Greens rediscover hydrogen car
To the Editor
Climate Conversation
19th August 2012
I saw my first and only hydrogen car in Brisbane City Square in the 1960’s. No one saw it work, but now, fifty years later, the “hydrogen economy” has become green gospel.
Hydrogen combines readily with oxygen to produce energy via combustion engines, gas welders or fuel cells – there is nothing new about this process. And the sole exhaust product is pure water, another greenhouse gas.
Hydrogen is an abundant element. However, pure hydrogen gas is very rare on earth – it is almost always combined with other elements, commonly oxygen or carbon.
Hydrogen is not a primary source of energy. To produce hydrogen fuel, the gas has to be extracted from water or hydrocarbons using electrical or chemical energy. And the energy needed to make hydrogen exceeds the usable energy that can be generated from it. To make hydrogen from water needs huge volumes of cheap electricity from sources such as nuclear, coal, gas or hydro power.
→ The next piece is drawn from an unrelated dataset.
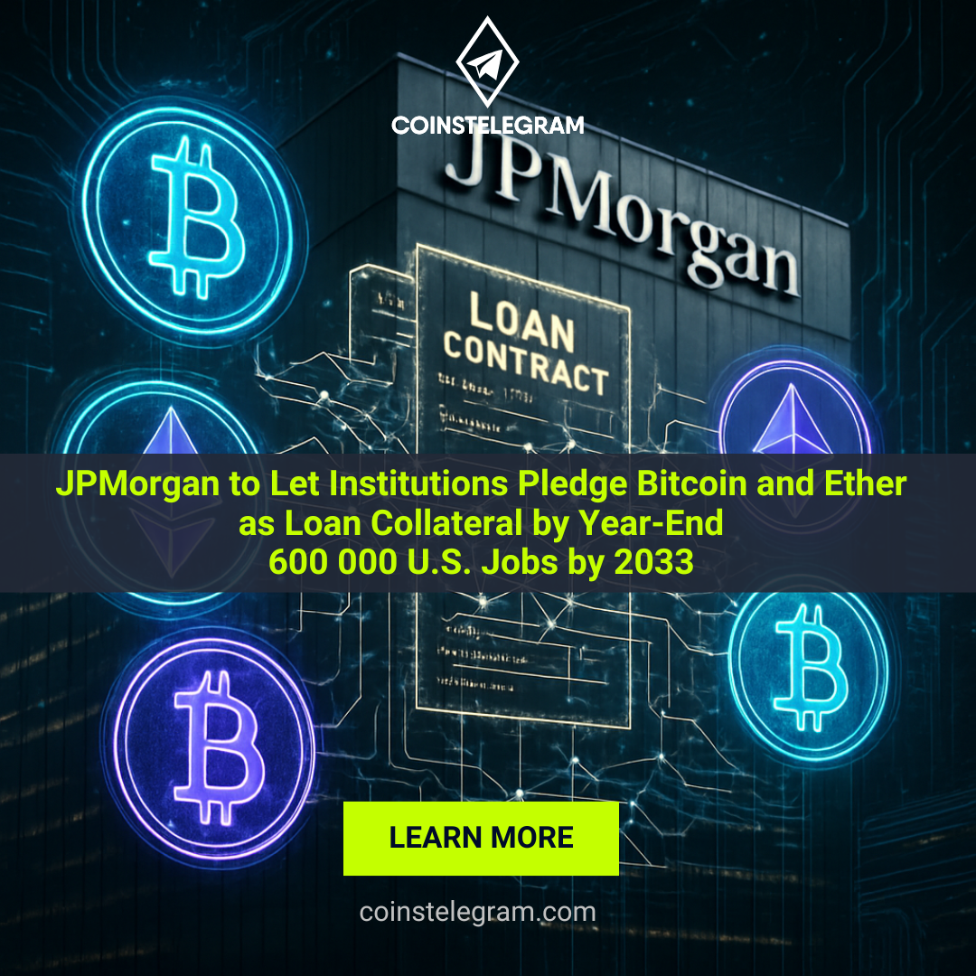 In a landmark move, JPMorgan Chase is preparing to permit institutional clients to use Bitcoin (BTC) and Ethereum (ETH) holdings as collateral for loans before the close of 2025.

Rich yuppies will want to be the first in their suburb with a taxpayer-subsidised hydrogen-powered electric car. But in the Australian energy equation, hydrogen is just an expensive way of transferring hydro-carbon energy from a power station in the country-side to a car in the city.
And it destroys energy in the process.
Viv Forbes,
Rosewood Qld Australia
forbes [at] carbon-sense [dot] com
Views: 29
I read in the weekend papers, that there were 3 hydrogen cars used in London for the Olympic Games but they had to be shuttled back and forth 220km each day to Swindon to refuel because the hydrogen supply source at the Games was not operating. What a gas!